1 David Geffen School of Medicine, University of California at Los Angeles, Los Angeles, CA, 2 St Elizabeth’s Medical Center, Boston, MA, and 4 Boehringer Ingelheim Pharmaceuticals, Inc., Ridgefield, CT, USA, 3 University Hospitals, Leuven, Belgium, 5 Boehringer Ingelheim GmbH, Ingelheim, Germany.

CORRESPONDENCE: D. P. Tashkin, David Geffen School of Medicine, UCLA, 10833 Le Conte Avenue, Los Angeles, CA 90024, USA. Fax: 1 3102065088. E-mail: DTashkin{at}mednet.ucla.edu

Keywords: Bronchodilator, chronic obstructive pulmonary disease, reversibility, spirometry, tiotropium

Received: October 2, 2007
Accepted January 17, 2008

The degree of acute improvement in spirometric indices after bronchodilator inhalation varies among chronic obstructive pulmonary disease (COPD) patients, and depends upon the type and dose of bronchodilator and the timing of administration.

Acute bronchodilator responsiveness at baseline was examined in a large cohort of patients with moderate-to-very-severe COPD participating in the Understanding Potential Long-term Impacts on Function with Tiotropium (UPLIFT) trial, a 4-yr randomised double-blind trial evaluating the efficacy of 18 µg tiotropium daily in reducing the rate of decline in lung function. After wash-out of respiratory medications, patients received 80 µg ipratropium followed by 400 µg salbutamol. Spirometry was performed before and 90 min following ipratropium administration. The criteria used for forced expiratory volume in one second (FEV1) responsiveness were: ≥12% increase over baseline and ≥200 mL; ≥15% increase over baseline; and ≥10% absolute increase in the percentage predicted value.

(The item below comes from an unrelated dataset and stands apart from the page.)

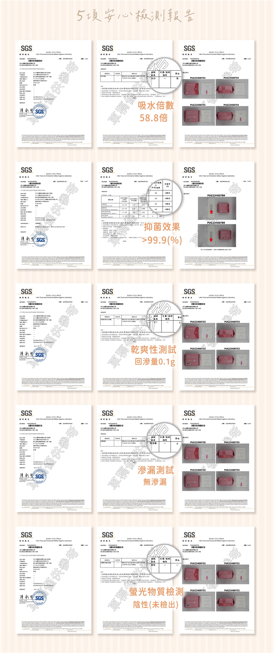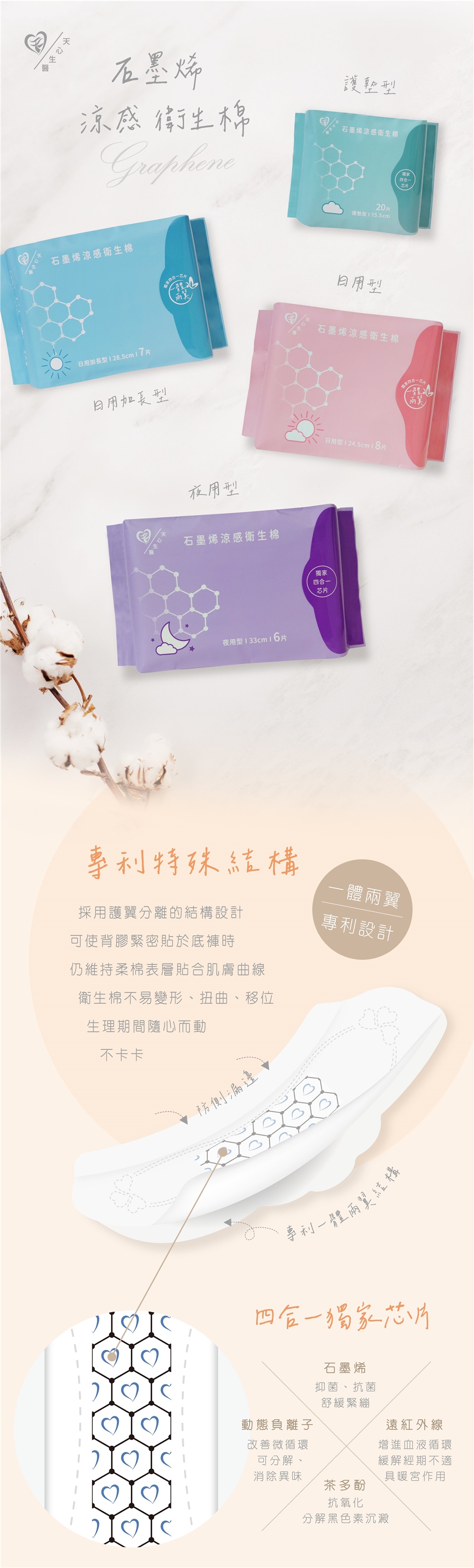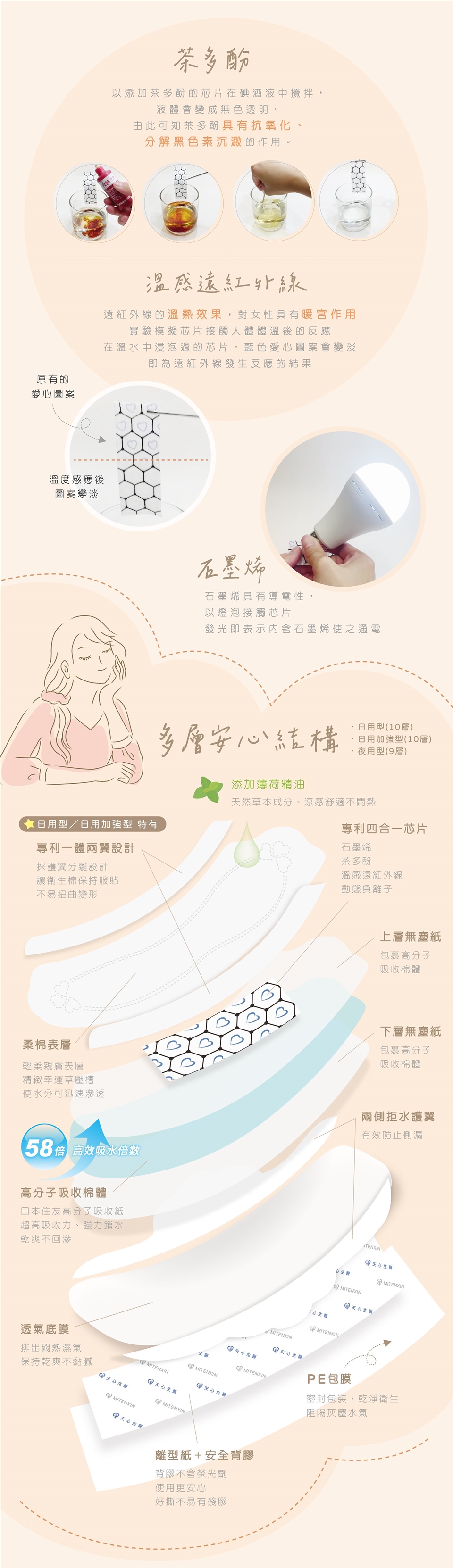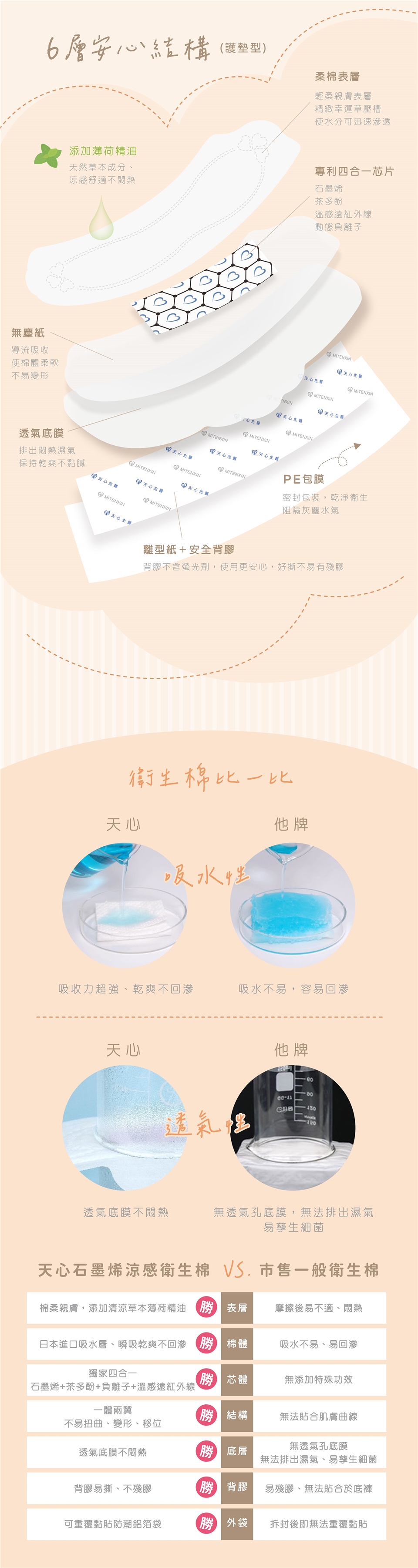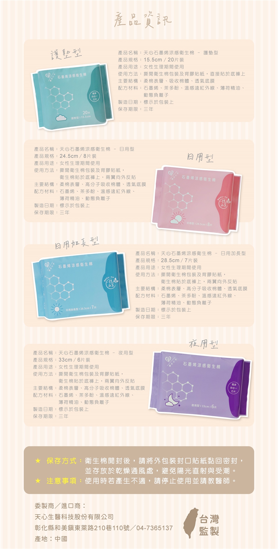主要材料:柔綿表層、高分子吸水聚合物、透氣底膜

Of the patients, 5,756 had data meeting the criteria for analysis (age 64.5 yrs; 75% male; baseline FEV1 1.10 L (39.3% predicted) and forced vital capacity (FVC) 2.63 L). Compared with baseline, mean improvements were 229 mL in FEV1 and 407 mL in FVC. Of these patients, 53.9% had ≥12% and ≥200 mL improvement in FEV1, 65.6% had ≥15% improvement in FEV1, and 38.6% had ≥10% absolute increase in FEV1 % pred.

The majority of patients with moderate-to-very-severe chronic obstructive pulmonary disease demonstrate meaningful increases in lung function following administration of inhaled anticholinergic plus sympathomimetic bronchodilators.